YOUR OBJECTIVE: Output all entries verbatim. Skip pictures.

MATERIAL TO PROCESS:
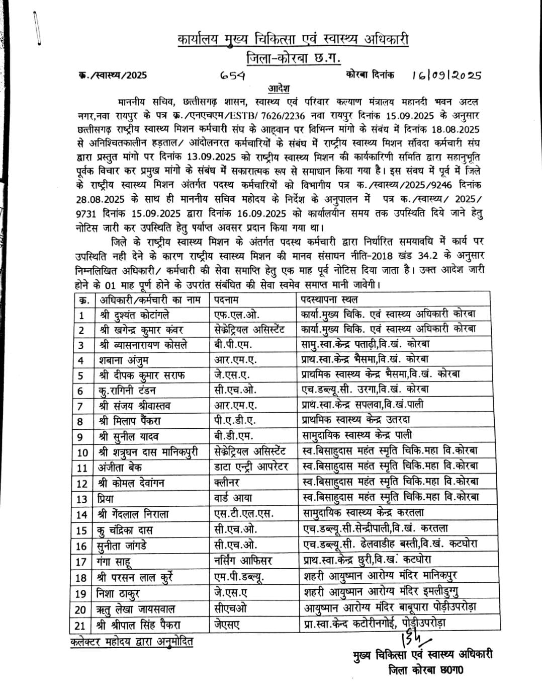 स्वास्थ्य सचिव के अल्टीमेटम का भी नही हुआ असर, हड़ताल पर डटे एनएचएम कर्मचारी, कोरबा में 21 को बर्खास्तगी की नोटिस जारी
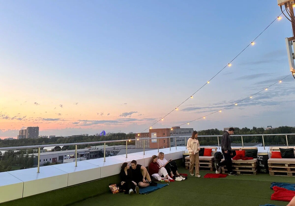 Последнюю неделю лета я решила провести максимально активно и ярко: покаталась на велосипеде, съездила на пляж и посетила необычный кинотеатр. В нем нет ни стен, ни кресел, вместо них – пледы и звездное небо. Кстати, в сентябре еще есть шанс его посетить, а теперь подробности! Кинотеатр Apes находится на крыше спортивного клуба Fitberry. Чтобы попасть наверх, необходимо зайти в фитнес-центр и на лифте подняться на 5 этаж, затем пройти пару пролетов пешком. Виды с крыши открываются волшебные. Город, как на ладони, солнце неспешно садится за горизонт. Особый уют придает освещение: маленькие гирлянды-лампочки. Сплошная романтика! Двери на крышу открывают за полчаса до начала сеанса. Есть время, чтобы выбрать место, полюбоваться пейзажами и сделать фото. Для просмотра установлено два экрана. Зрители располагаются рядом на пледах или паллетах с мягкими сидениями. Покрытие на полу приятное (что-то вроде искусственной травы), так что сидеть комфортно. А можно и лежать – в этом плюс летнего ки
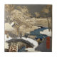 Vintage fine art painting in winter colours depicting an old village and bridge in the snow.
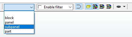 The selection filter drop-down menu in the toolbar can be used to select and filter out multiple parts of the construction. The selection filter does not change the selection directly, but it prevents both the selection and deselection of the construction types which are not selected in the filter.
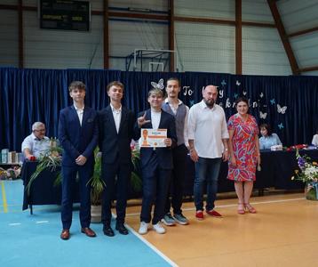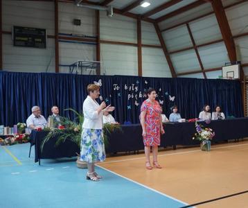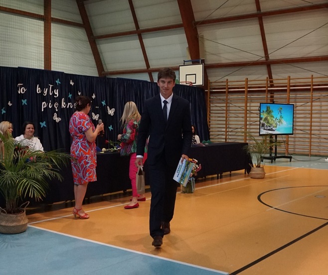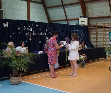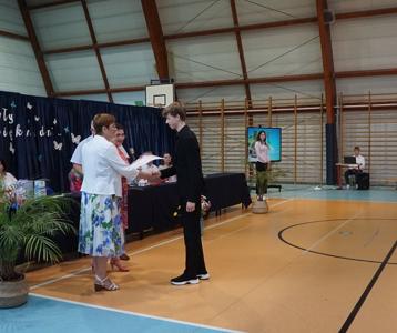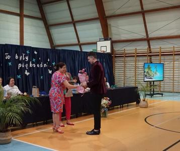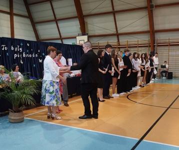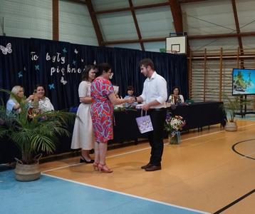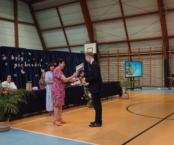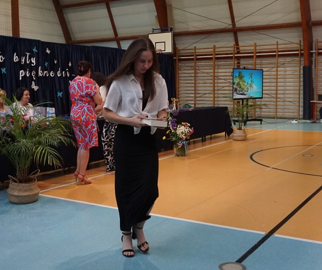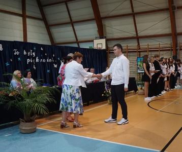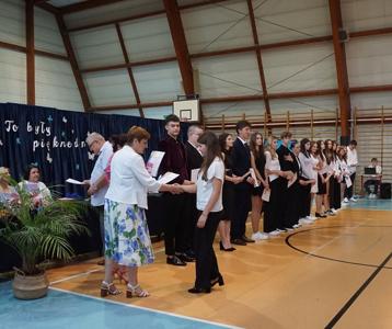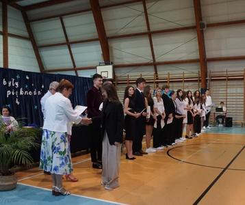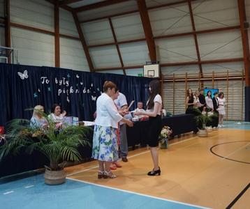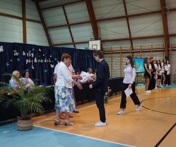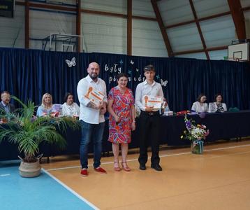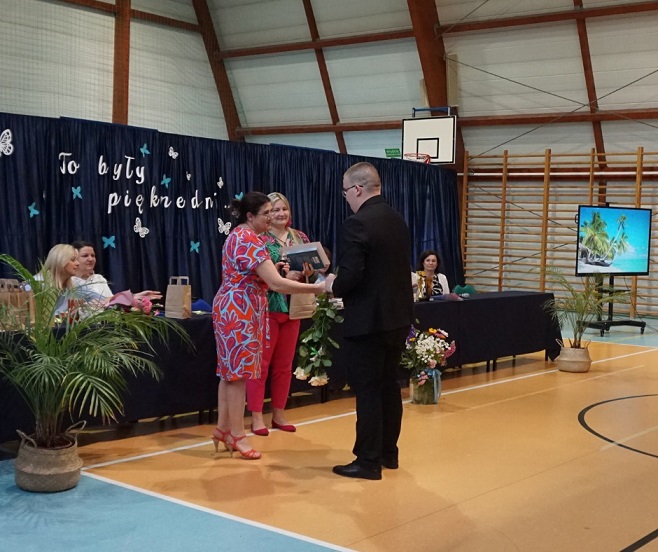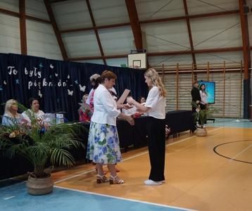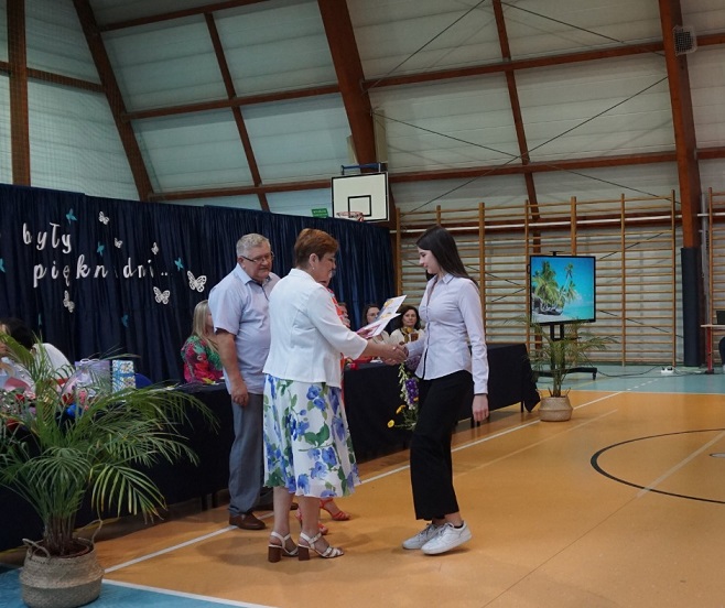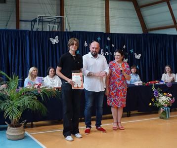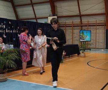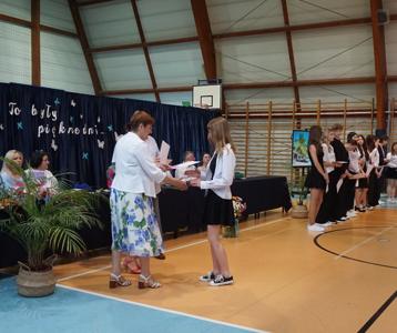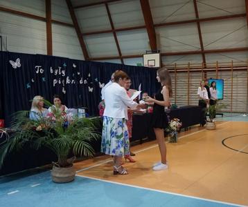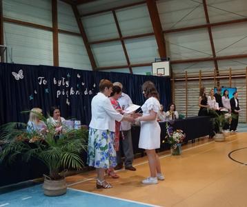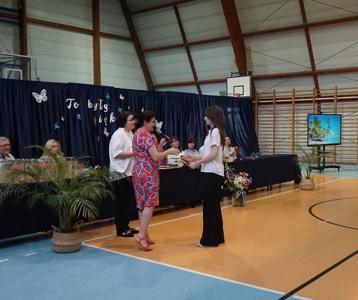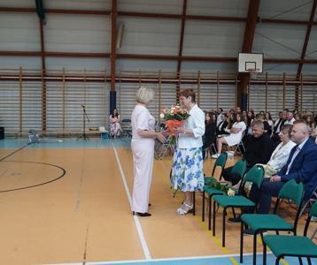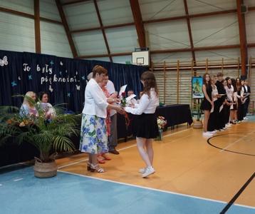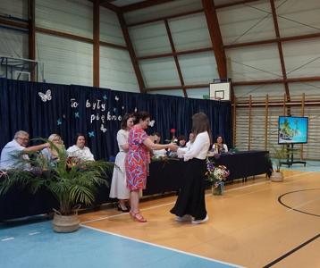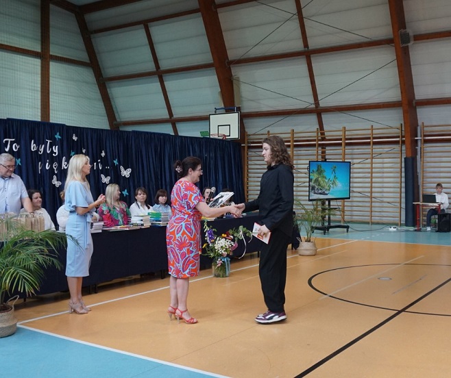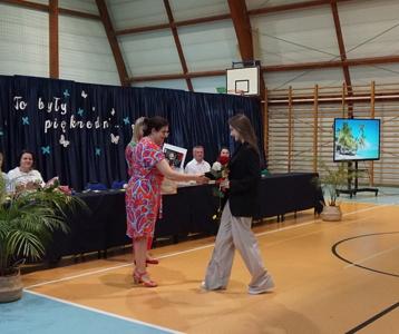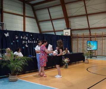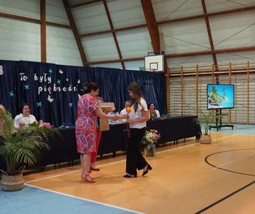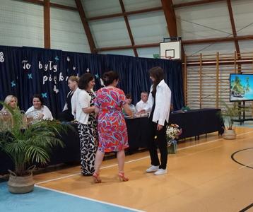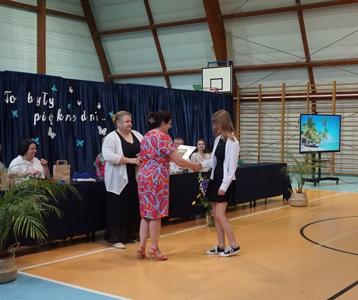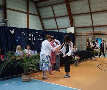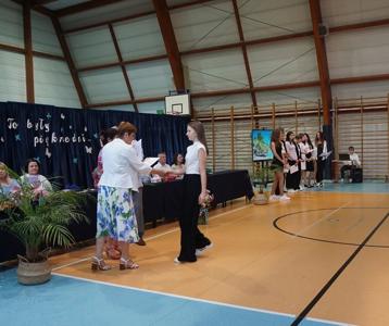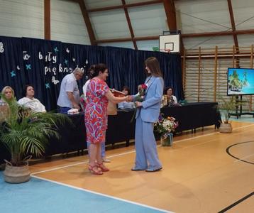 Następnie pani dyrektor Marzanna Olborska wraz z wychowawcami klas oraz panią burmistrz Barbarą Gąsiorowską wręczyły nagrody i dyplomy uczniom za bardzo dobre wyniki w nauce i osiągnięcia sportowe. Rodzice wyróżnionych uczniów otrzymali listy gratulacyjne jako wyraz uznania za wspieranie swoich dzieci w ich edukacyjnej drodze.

RESULT BELOW:
 स्वास्थ्य सचिव के अल्टीमेटम का भी नही हुआ असर, हड़ताल पर डटे एनएचएम कर्मचारी, कोरबा में 21 को बर्खास्तगी की नोटिस जारी
 Последнюю неделю лета я решила провести максимально активно и ярко: покаталась на велосипеде, съездила на пляж и посетила необычный кинотеатр. В нем нет ни стен, ни кресел, вместо них – пледы и звездное небо. Кстати, в сентябре еще есть шанс его посетить, а теперь подробности! Кинотеатр Apes находится на крыше спортивного клуба Fitberry. Чтобы попасть наверх, необходимо зайти в фитнес-центр и на лифте подняться на 5 этаж, затем пройти пару пролетов пешком. Виды с крыши открываются волшебные. Город, как на ладони, солнце неспешно садится за горизонт. Особый уют придает освещение: маленькие гирлянды-лампочки. Сплошная романтика! Двери на крышу открывают за полчаса до начала сеанса. Есть время, чтобы выбрать место, полюбоваться пейзажами и сделать фото. Для просмотра установлено два экрана. Зрители располагаются рядом на пледах или паллетах с мягкими сидениями. Покрытие на полу приятное (что-то вроде искусственной травы), так что сидеть комфортно. А можно и лежать – в этом плюс летнего ки
 Vintage fine art painting in winter colours depicting an old village and bridge in the snow.
 The selection filter drop-down menu in the toolbar can be used to select and filter out multiple parts of the construction. The selection filter does not change the selection directly, but it prevents both the selection and deselection of the construction types which are not selected in the filter.
 Następnie pani dyrektor Marzanna Olborska wraz z wychowawcami klas oraz panią burmistrz Barbarą Gąsiorowską wręczyły nagrody i dyplomy uczniom za bardzo dobre wyniki w nauce i osiągnięcia sportowe. Rodzice wyróżnionych uczniów otrzymali listy gratulacyjne jako wyraz uznania za wspieranie swoich dzieci w ich edukacyjnej drodze.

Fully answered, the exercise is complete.